A new cannabis tax ordinance cleared another hurdle to make the November ballot after the Santa Barbara County Board of Supervisors voted 4-1, with 5th District Supervisor Steve Lavagnino dissenting, to move forward with proposing a hybrid tax that considers gross receipts and a base square footage tax. 

File photo by Jayson Mellom
HYBRID ON THE BALLOT: The Santa Barbara County Board of Supervisors voted 4-1 with 5th District Supervisor Steve Lavagnino dissenting to bring a new hybrid cannabis cultivation tax model to the voters in November.

Currently the county uses a gross receipts model that takes 4 percent of an operator’s earnings and has generated $50 million in revenue for the county since its inception five years ago, according to previous Sun reporting. Square footage sets a dollar amount per operating square foot with prices varying between indoor and outdoor cultivation. The supervisors brought the ordinance back to the dais because of tax compliance issues, lack of forecasted revenue, and transparency concerns with a product’s value. 
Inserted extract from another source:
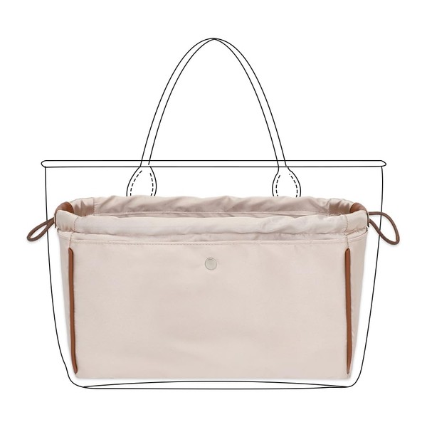 - Our handbag organizer insert has six pockets and a cup holder inside, and a total of five pockets on the outside, three of which have hidden buckles. To prevent items from falling off, we also have a drawstring design
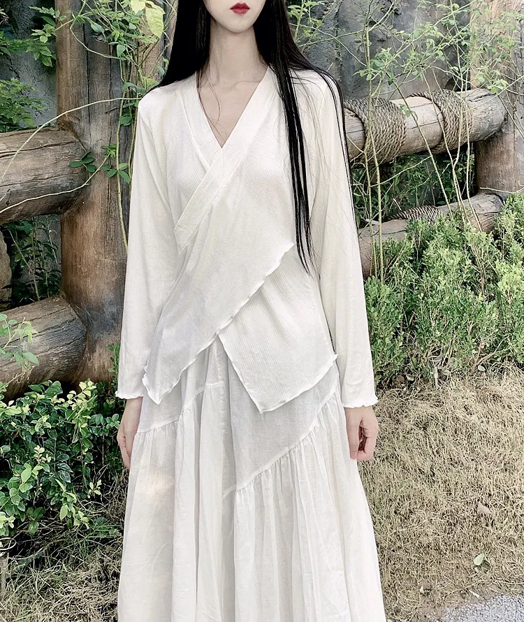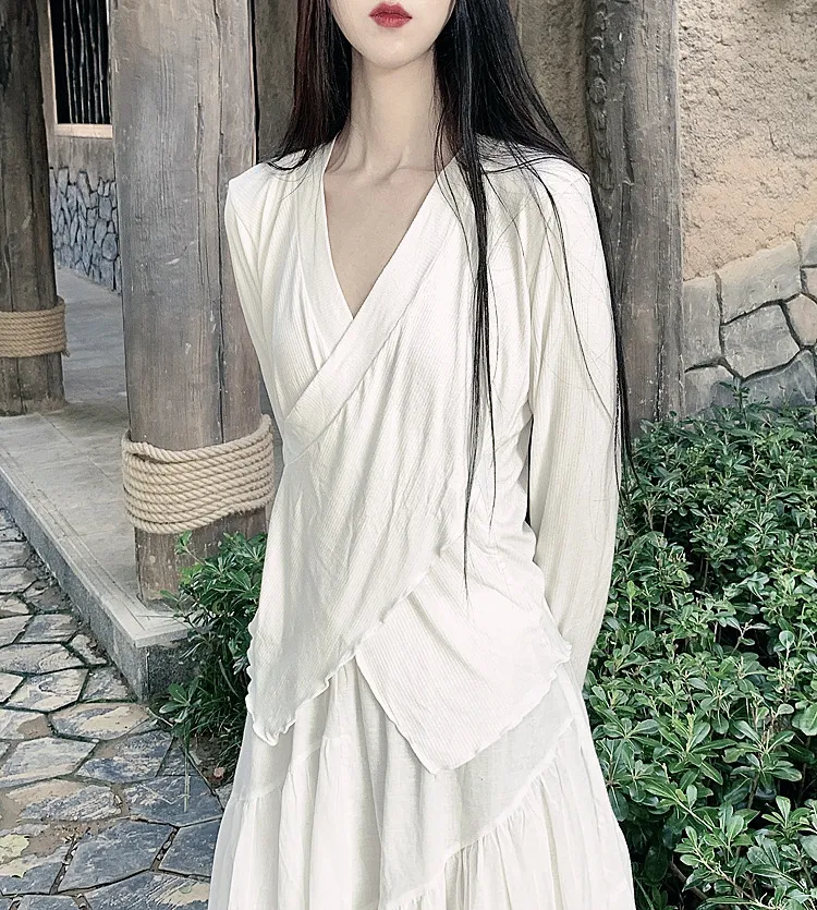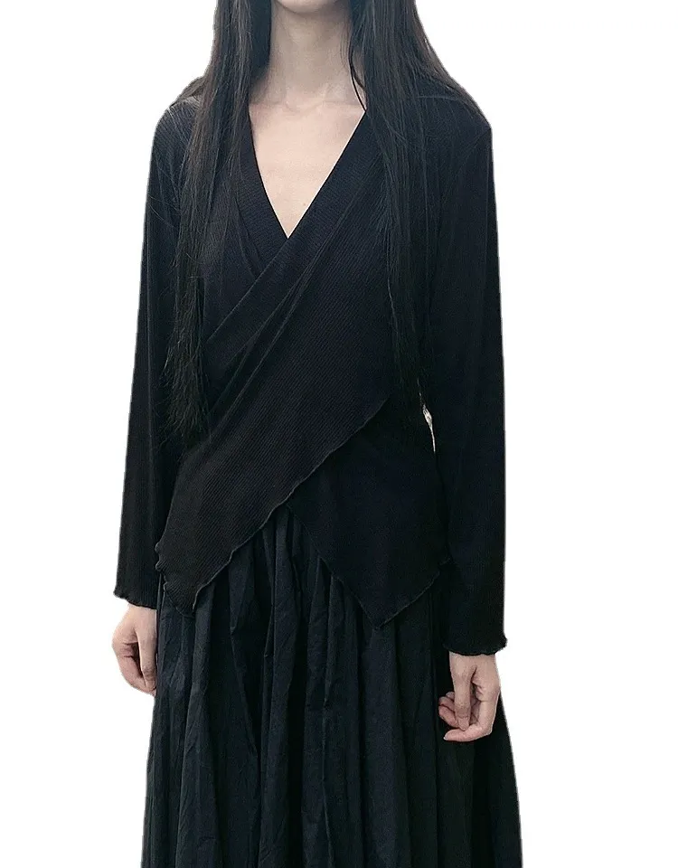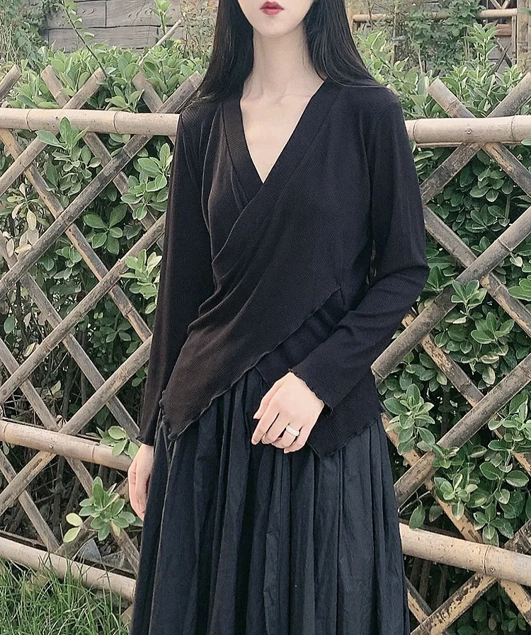 衣都精品- 2023新款交叉V領設計彈力顯瘦拼接上衣

The proposed hybrid option creates a square footage base tax—with 25 cents for outdoor cultivation and 75 cents for non-outdoor cultivation per square foot, with a 4 percent gross receipts sales tax, County Deputy Executive Officer Brittany Odermann told supervisors during the May 14 meeting. The board will have its first reading of the ordinance on June 14 to leave room for any adjustments. It must be ready by July 9 if the county wants to include it on the general election ballot. 

“If it’s determined that the base tax is greater than the gross receipts on the last day of the quarter, they would pay the base tax,” Odermann said, adding that if the base tax is less than the gross receipts reporting, cultivators would pay the gross receipts tax. 

“The benefit is the county and operators share in the good times when the market is up. It does guarantee a floor minimum tax, but there is limited transparency,” Odermann said. “We can look at square footage for base tax, but still rely on reporting and doing audits and reviewing what operators are telling us. It does not reduce administrative burden in verifying gross receipts.” 

By bringing the ordinance back to the ballot, the board would have the opportunity to include more flexibility in the tax measure this time around so supervisors wouldn’t have to return to the voters every time they want to make adjustments to the tax rates, she said. 

“It was clear that building that flexibility in the ordinance to change the rates was important to handle market volatility,” Odermann said. 

While 2nd District Supervisor Laura Capps wanted to see greater flexibility in adjusting the rates, 1st District Supervisor Das Williams was adamant about keeping the tax measures in the voters’ hands. 

“I view flexibility as a negative in taxation. I just can’t imagine what kind of governance we would have if we were voting on the tax rate for the general populace every year,” Williams said. “I don’t understand why it’s so important if we have a hybrid where most people [would] pay gross receipts because they are going to make more than the minimum.” 

Santa Barbara County staff proposed to create limits for when the board could make adjustments to the ordinance, such as a four-fifths vote instead of the state required three-fifths vote and a maximum amount. 

Fifth District Supervisor Lavagnino said he couldn’t get behind the new ordinance because the new tax would go to all county voters, not just the unincorporated communities, and it would sit alongside school bond measures in Santa Maria, and transient occupancy tax increases in the 3rd District and possibly the county. 

“You can’t put two taxes, plus two school bonds in Santa Maria—they are going to cannibalize themselves, and you’re going to get to a point where none of them pass,” Lavagnino said. 

He added that several public commenters from the cannabis industry requested that the county leave the ordinance as is in order for them to stay in businesses. 

“What we’ve heard every time we change the ordinance is how difficult it is to continue to respond business-wise on an ever-changing target we keep moving,” Lavagnino said.